◆ **What you need to do**
From the data that follows, print exactly the lines starting at the one containing "Vydej se na" and ending at the one containing "PRESENTE NATURA ESSENCIAL"; include both of them and nothing more.

◆ **Data extracts**
/---

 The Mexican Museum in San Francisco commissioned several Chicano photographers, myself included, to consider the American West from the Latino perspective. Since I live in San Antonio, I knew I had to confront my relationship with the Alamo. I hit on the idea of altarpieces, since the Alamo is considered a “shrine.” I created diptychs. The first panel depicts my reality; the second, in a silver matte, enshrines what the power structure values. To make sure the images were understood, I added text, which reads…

\---
/---

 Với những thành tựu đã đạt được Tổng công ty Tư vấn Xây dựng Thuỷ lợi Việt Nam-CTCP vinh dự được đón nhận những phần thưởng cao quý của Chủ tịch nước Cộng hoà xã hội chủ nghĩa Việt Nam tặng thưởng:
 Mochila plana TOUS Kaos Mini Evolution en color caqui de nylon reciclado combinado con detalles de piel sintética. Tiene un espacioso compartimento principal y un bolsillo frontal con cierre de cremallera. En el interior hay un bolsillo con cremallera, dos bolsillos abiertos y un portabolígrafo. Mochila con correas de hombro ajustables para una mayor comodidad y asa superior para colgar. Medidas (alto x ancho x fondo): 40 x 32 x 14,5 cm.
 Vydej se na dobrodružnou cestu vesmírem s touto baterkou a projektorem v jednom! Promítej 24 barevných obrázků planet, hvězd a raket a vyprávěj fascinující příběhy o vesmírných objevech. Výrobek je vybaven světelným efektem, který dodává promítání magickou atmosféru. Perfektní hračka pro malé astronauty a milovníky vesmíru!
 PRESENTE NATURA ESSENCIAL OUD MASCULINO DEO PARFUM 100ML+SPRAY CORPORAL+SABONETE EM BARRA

\---
/---

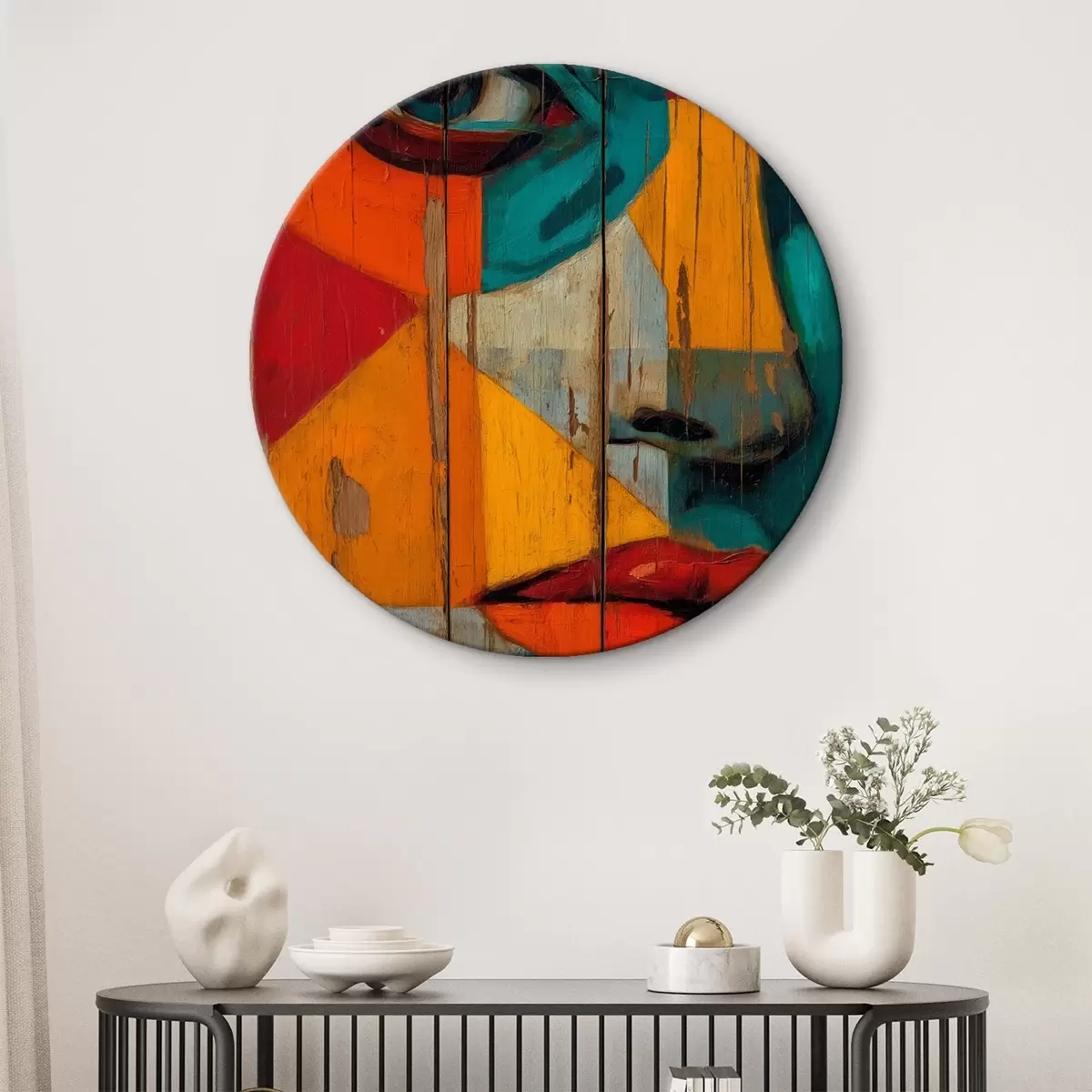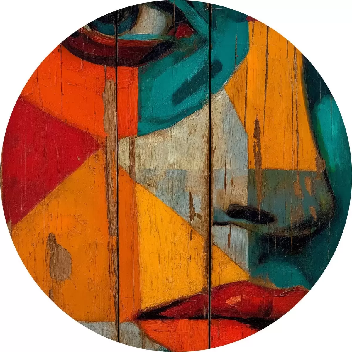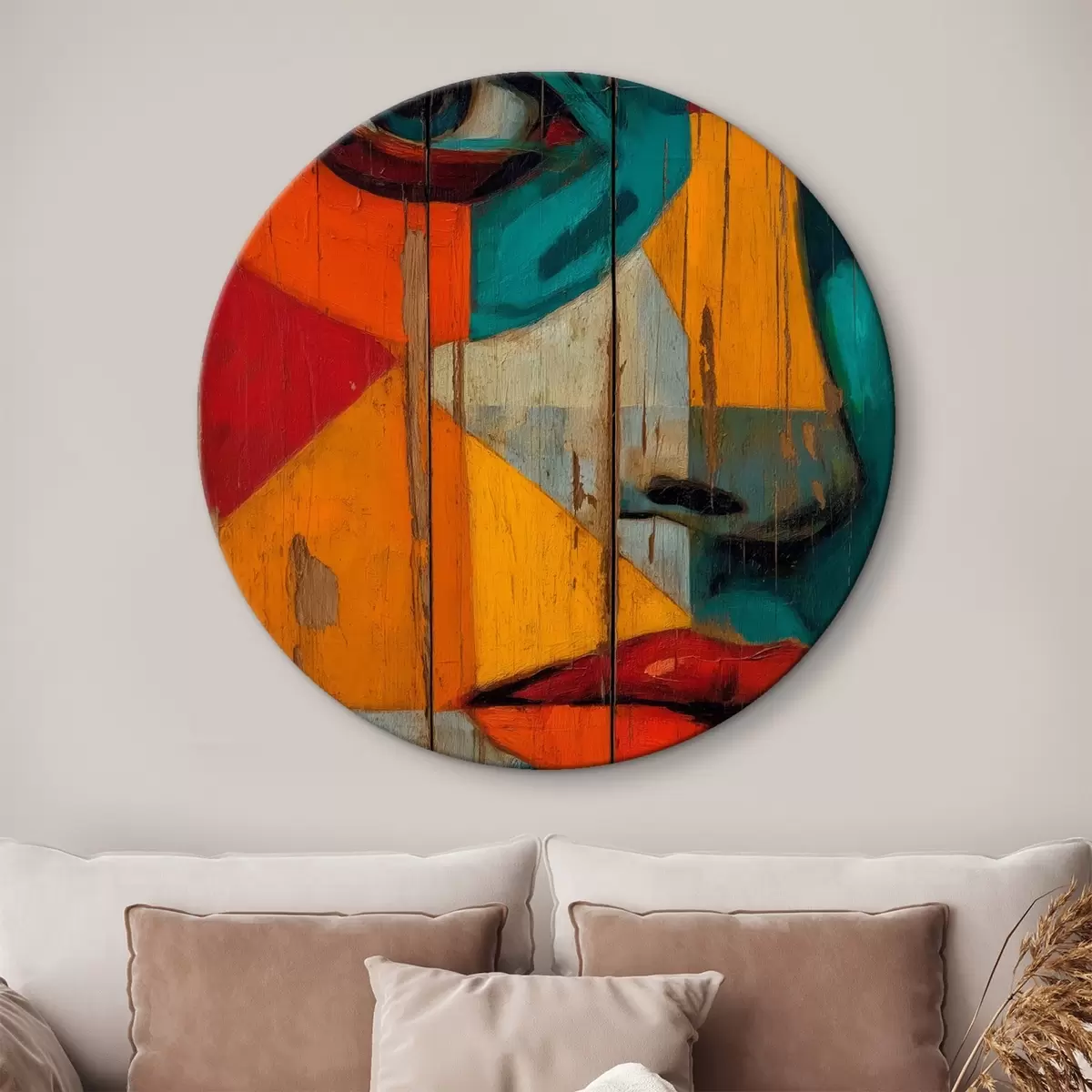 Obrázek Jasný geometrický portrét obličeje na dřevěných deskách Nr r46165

\---

◆ **Problem solution**
 Vydej se na dobrodružnou cestu vesmírem s touto baterkou a projektorem v jednom! Promítej 24 barevných obrázků planet, hvězd a raket a vyprávěj fascinující příběhy o vesmírných objevech. Výrobek je vybaven světelným efektem, který dodává promítání magickou atmosféru. Perfektní hračka pro malé astronauty a milovníky vesmíru!
 PRESENTE NATURA ESSENCIAL OUD MASCULINO DEO PARFUM 100ML+SPRAY CORPORAL+SABONETE EM BARRA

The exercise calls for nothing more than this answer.